Seventy-five year-old Laxman Purushottam Khadilkar, a former National ‘B’ chess player, suffered a mild heart-attack a decade ago. But, that hasn’t stopped him from playing in local tournaments in and around Pune.

In the city to watch the World championship clash between two of the world’s best players, Viswanathan Anand and Magnus Carlsen, Khadilkar says the organisation is excellent. “Only, it (ballroom) is too cold.”

Having played with some of India’s finest players such as Manuel Aaron, Ravi Sekhar, T.N. Parameswaran, V. Ravikumar, Arun Vaidya, M.T. Babur, Roktim Bandyopadhyay and Hari Om Sharma in the 1960s and 1970s, Khadilkar feels the epic clash between Anand and Carlsen will be very close.

“Take it from me, Anand will win by a point,” he says.

Khadilkar, whose highest rating is 2,175, remembers playing with Anand in 1988 in a simultaneous game with 25 players.

“Anand had come to Mumbai after becoming a GM. He played a match in my friend’s Housing Complex in Pune. He drew only one game against Sajandas Joshi,” says Khadilkar.

When Anand won the Goodricke International tournament in Kolkata in 1992 along with David Norwood and Daniel King, Khadilkar was the arbiter.
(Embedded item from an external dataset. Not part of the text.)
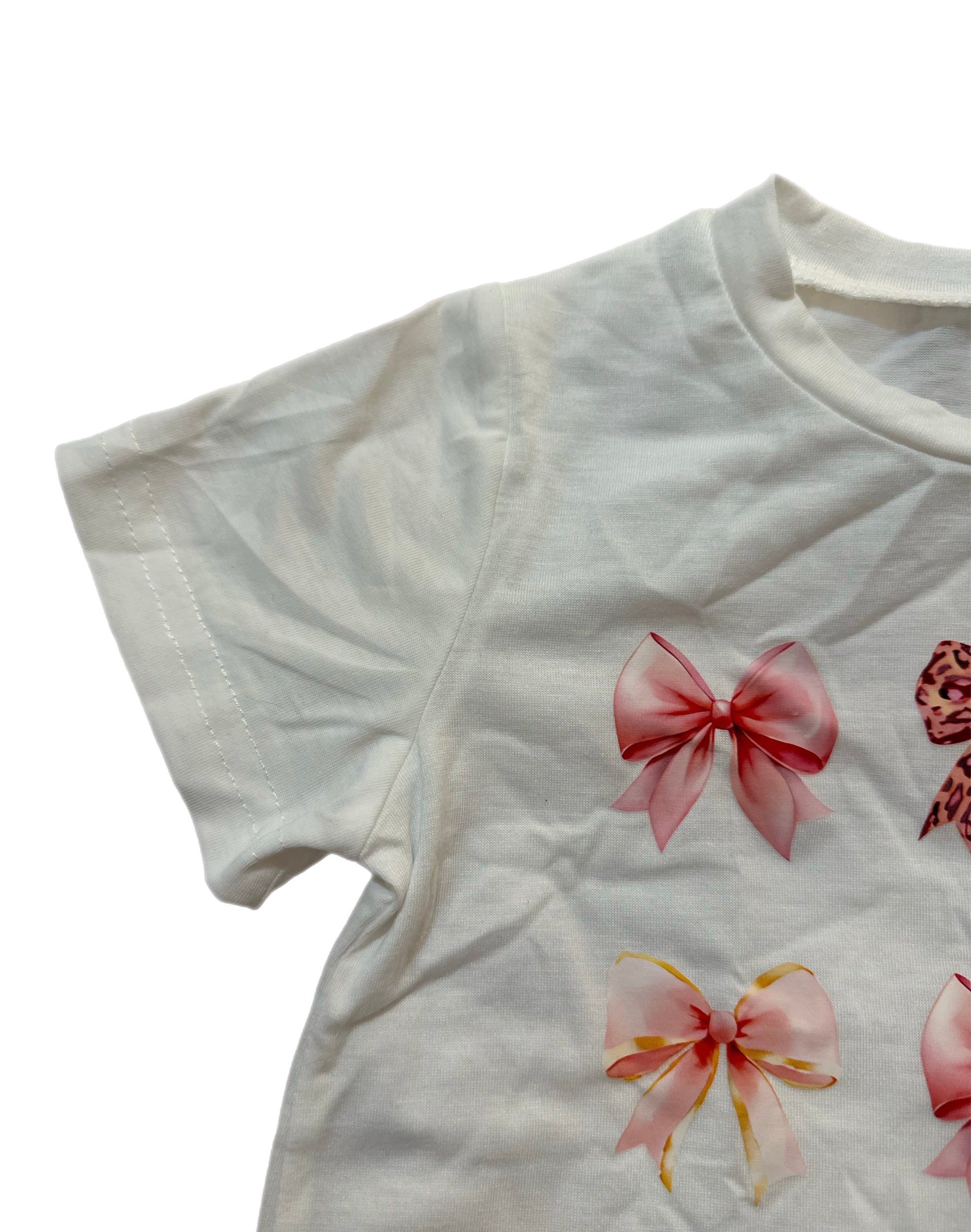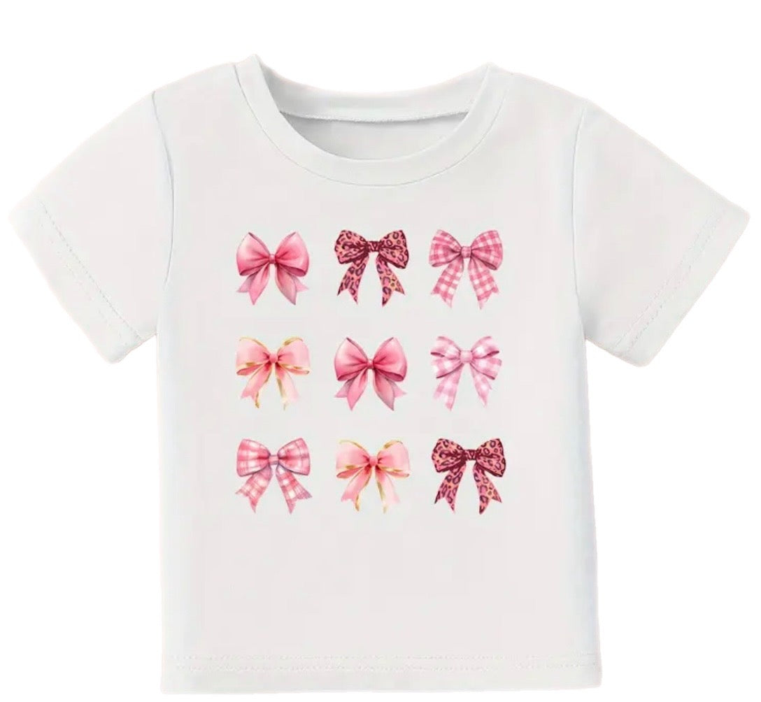 The bountiful bow tee is as gorgeous as it looks in person. It fit perfectly, but also left room for some growth. It can be matched with any pants, that can include leggings, jeans, shorts, etc. The different shades of pink shines beautifully when playing in the sun! We highly recommend for any occasion🩷🎀

He recalled the “Tamil Nadu circuit” in those days with fondness. “There used to be tournaments one after the other. There were events in Palani, Coimbatore, Madurai and Chennai,” Khadilkar said. Khadilkar participated in the Mayor’s Cup International tournament in Mumbai early this year, where he “played badly and lost around 75 points”. But he made up for it by winning prizes in local tournaments in the veterans’ category at Pune and Baramati recently.

Chess has given him relatively good health. “Yes, it has played a part in my healthy life. I do go out for walks. When I sit before the chessboard, I forget everything. Only after the match, do I start worrying about other things,” said Khadilkar, whose grand uncle is V.K. Khadilkar, the first Indian to play in the British championship in Southampton in 1924.

What Khadilkar cherishes most is the friendship he has forged out of chess. “I may not have been a top-rated player in my career, but I have friends all over India.”